The last time I got an additional error after the megaraid problem, could
just be further failout from the first failure. Output follows:
Assertion failure in journal_commit_transaction() at fs/jbd/commit.c:138:
"journal->j_running_transaction != NULL"
------------[ cut here ]------------
kernel BUG at fs/jbd/commit.c:138!
invalid operand: 0000 [#1]
SMP
Modules linked in: nls_utf8 cifs nfs lockd md5 ipv6 autofs4 sunrpc button
battery ac ohci_hcd tg3 floppy sg dm_snapshot dm_zero dm_mirror ext3 jbd
dm_mod megaraid_mbox megaraid_mm sd_mod scsi_mod
CPU: 2
EIP: 0060:[<f885f268>] Not tainted VLI
EFLAGS: 00010212 (2.6.9-5.0.5.ELsmp)
EIP is at journal_commit_transaction+0x5d/0xfb1 [jbd]

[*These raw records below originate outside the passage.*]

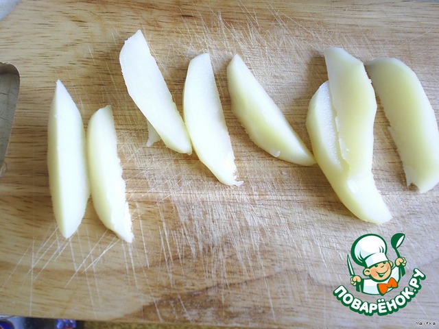6.Когда картофель сварится, воду надо слить и дать остыть. После режим картошку по-деревенски (можно и просто полукольцами).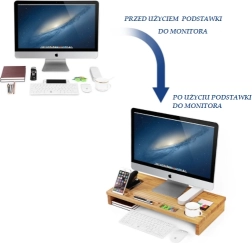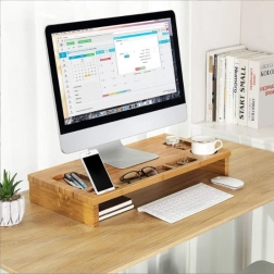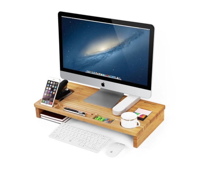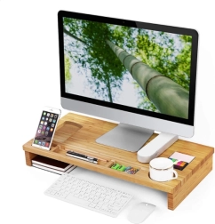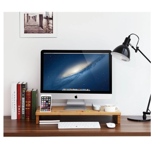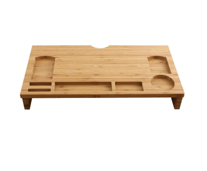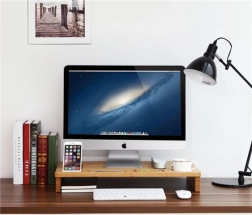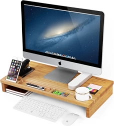 Mejora tu espacio de trabajo con un elegante soporte de bambú que combina ergonomía y organización. Al elevar el monitor a la altura de los ojos, reduce la carga en el cuello y la espalda, mientras que los compartimentos bien pensados mantienen a mano todo lo esencial: desde el teléfono y el material de escritura hasta la taza.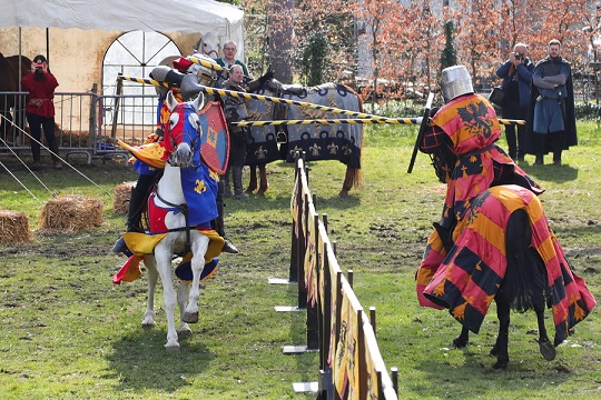 4月10日,身着古装的骑手在比利时小城乌费的中世纪风情节上为观众表演。
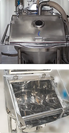- Optional slide gate valve at material transfer ports for controlled loading/unloading.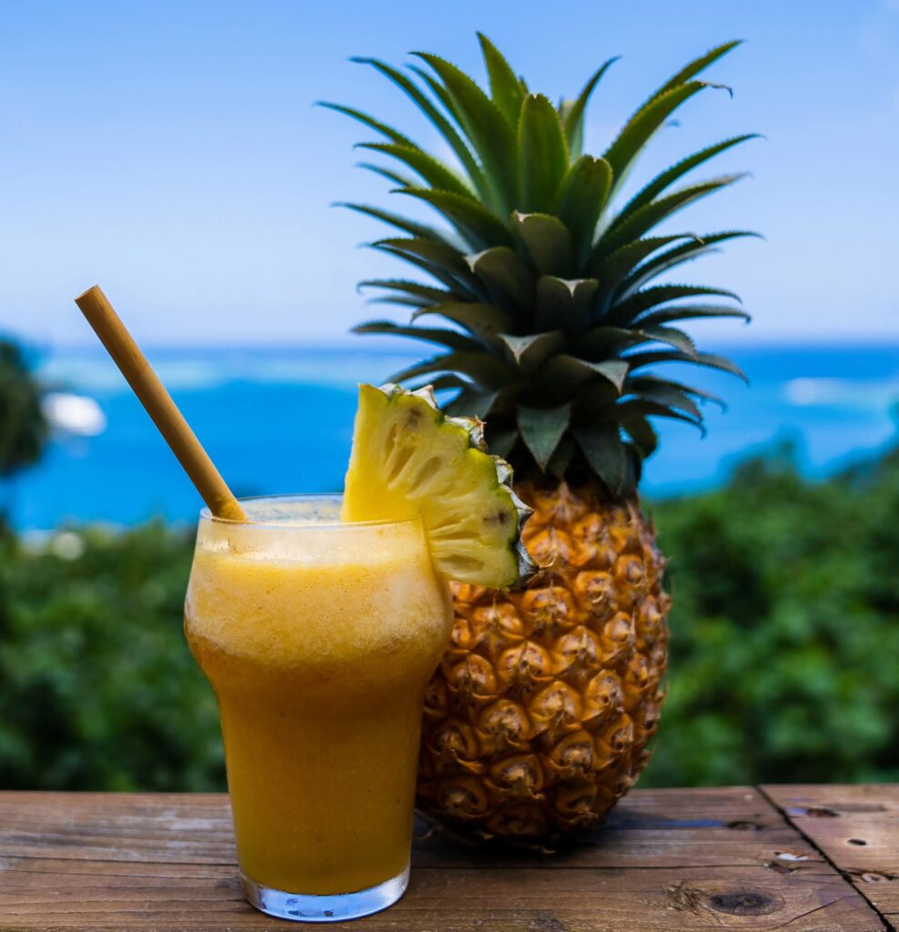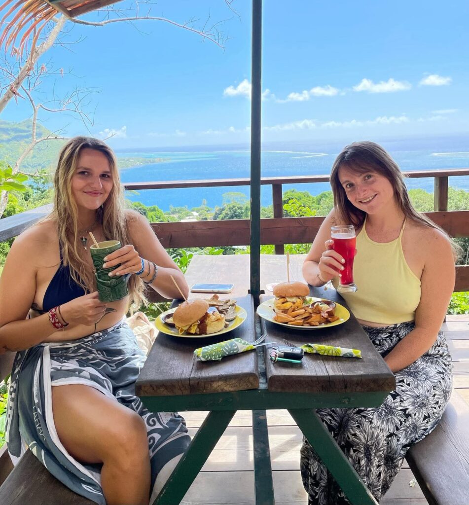 Notre jardin tropical qui surplombe la baie d’Opunohu est l’endroit idéale pour une pause déjeuner.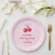 "Cherry first birthday" themed birthday paper plates with illustrated cherries tied with a pink preppy bow, and adorable handwritten fonts.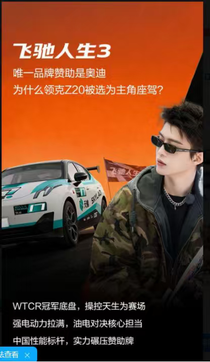 《飞驰人生 3》国产品牌独苗!领克 Z20 以纯电性能迎战合资,彰显中国智造的赛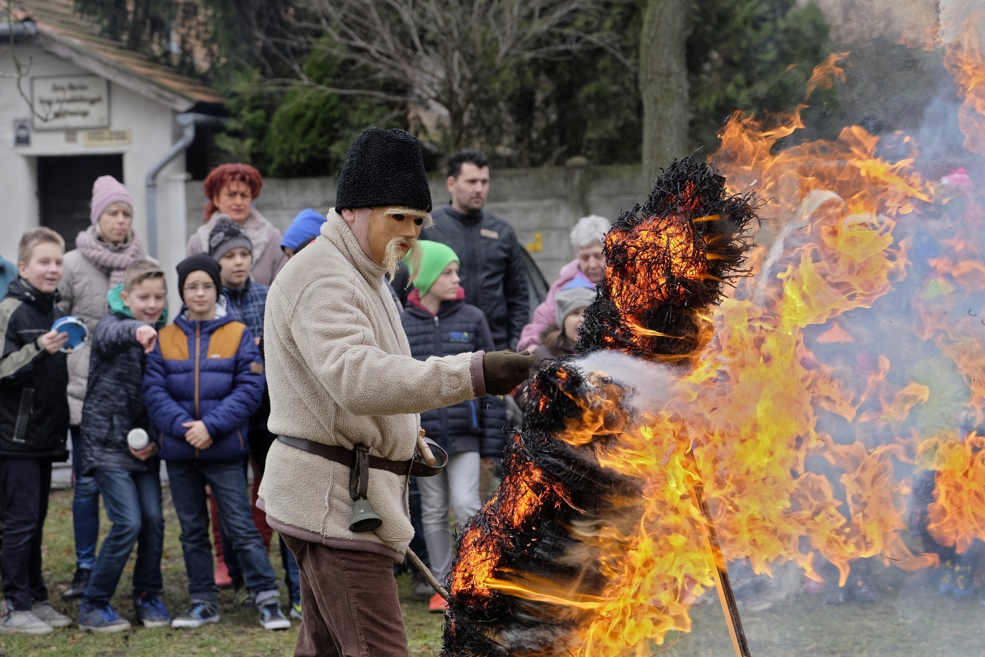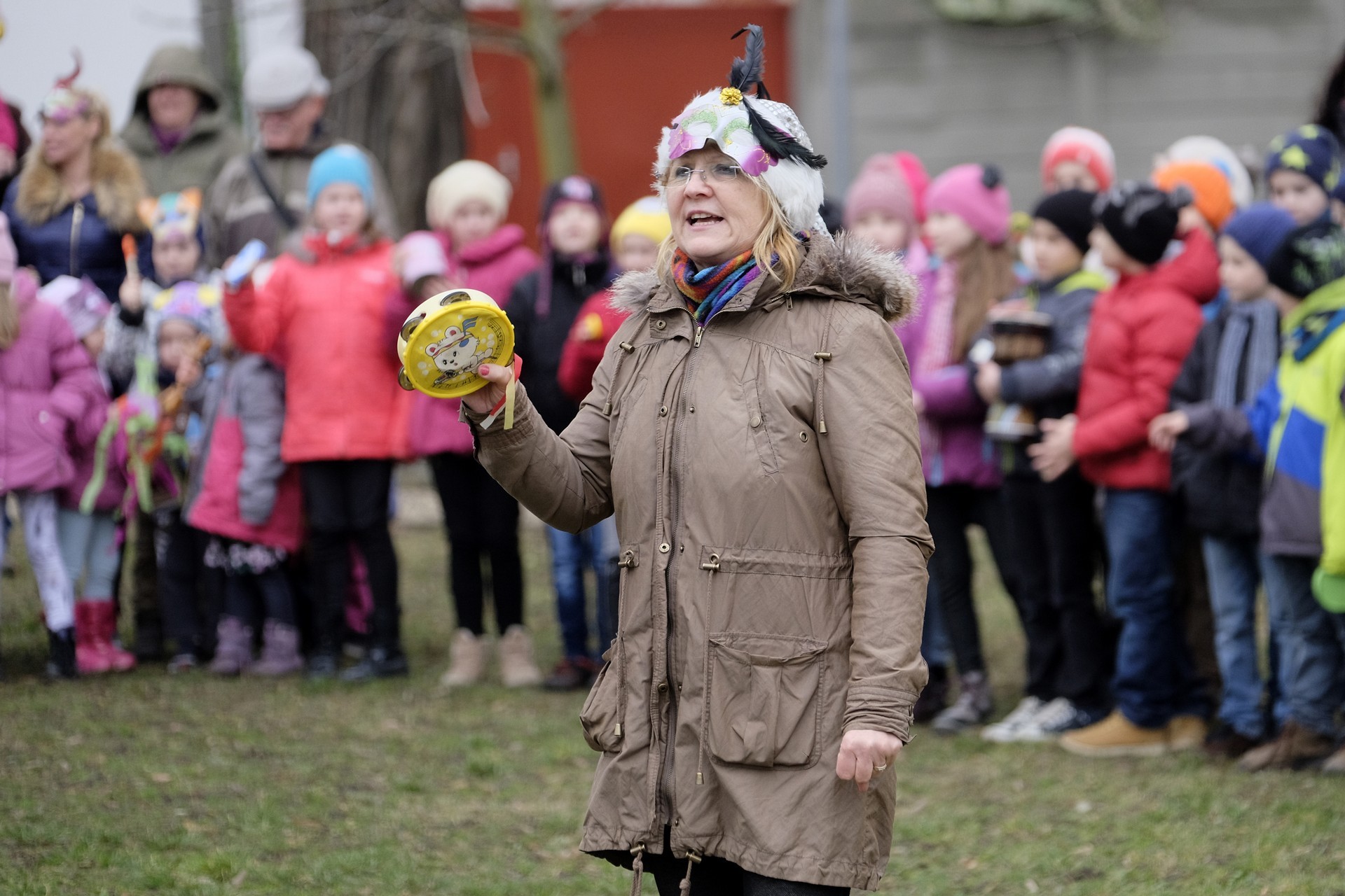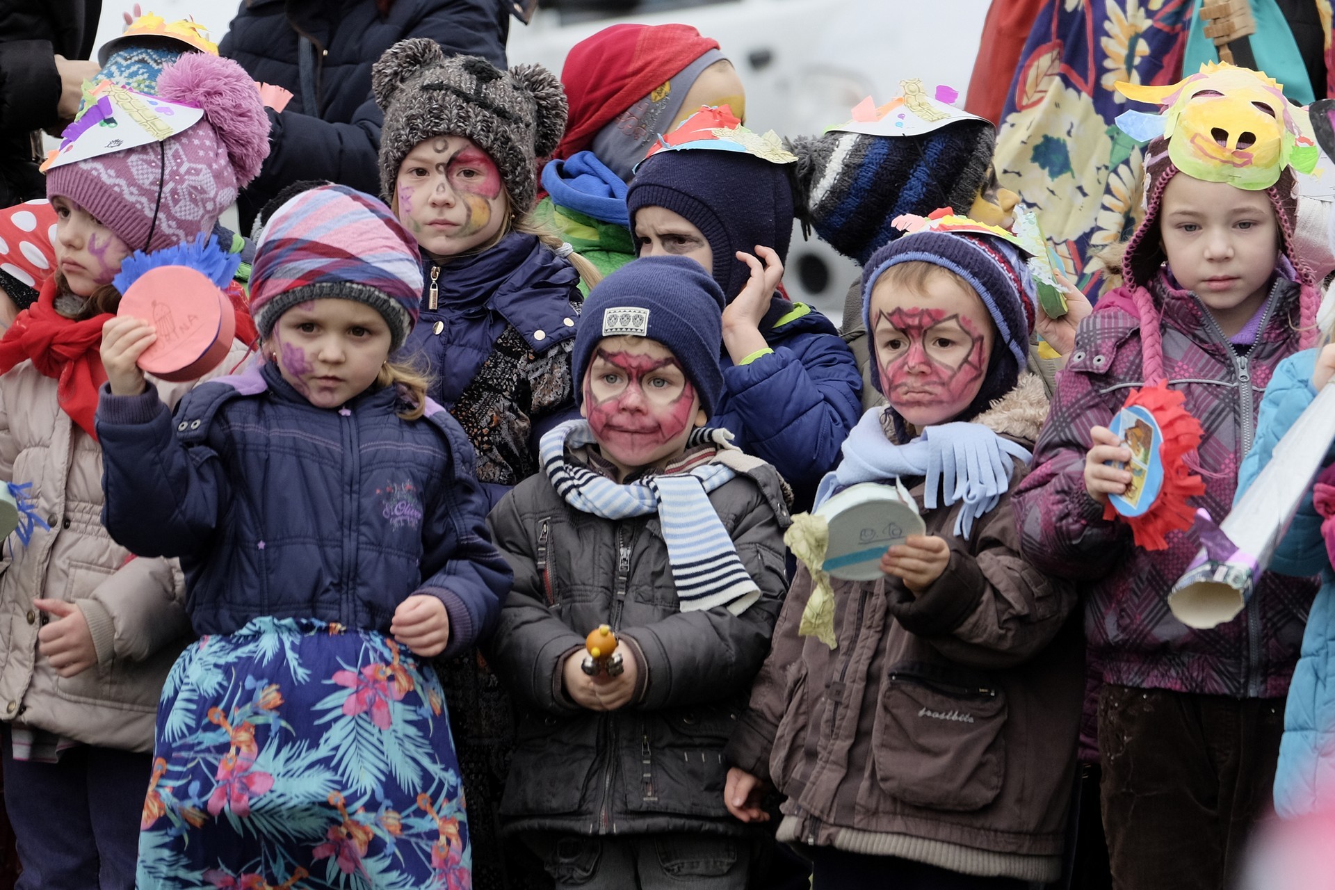 A gyerekeknek egy télűző maszkás segített elkergetni a rossz időt

eax: 00000076 ebx: f7ec4e14 ecx: f74c5de0 edx: f88647de
esi: f7ec4e00 edi: 00000001 ebp: 00000000 esp: f74c5ddc
ds: 007b es: 007b ss: 0068
Process kjournald (pid: 235, threadinfo=f74c5000 task=c2248330)
Stack: f88647de f8863e9c f88647ce 0000008a f88647a7 f61970b0 00000000
00000000
00000000 00000000 00000000 c0771c8c f7ec4e00 f6a3c71c 0000100b
00000000
c2248330 c011e8a2 f74c5e44 f74c5e44 f754a054 f8836f26 f74c5e44
00000000
Call Trace:
[<c011e8a2>] autoremove_wake_function+0x0/0x2d
[<f8836f26>] megaraid_isr+0x1ad/0x1bf [megaraid_mbox]
[<c011e8a2>] autoremove_wake_function+0x0/0x2d
[<c0127dda>] del_timer_sync+0x7a/0x9c
[<f8861e6d>] kjournald+0xc7/0x213 [jbd]
[<c011e8a2>] autoremove_wake_function+0x0/0x2d
[<c011e8a2>] autoremove_wake_function+0x0/0x2d
[<c011bcf0>] schedule_tail+0x12/0x55
[<f8861da0>] commit_timeout+0x0/0x5 [jbd]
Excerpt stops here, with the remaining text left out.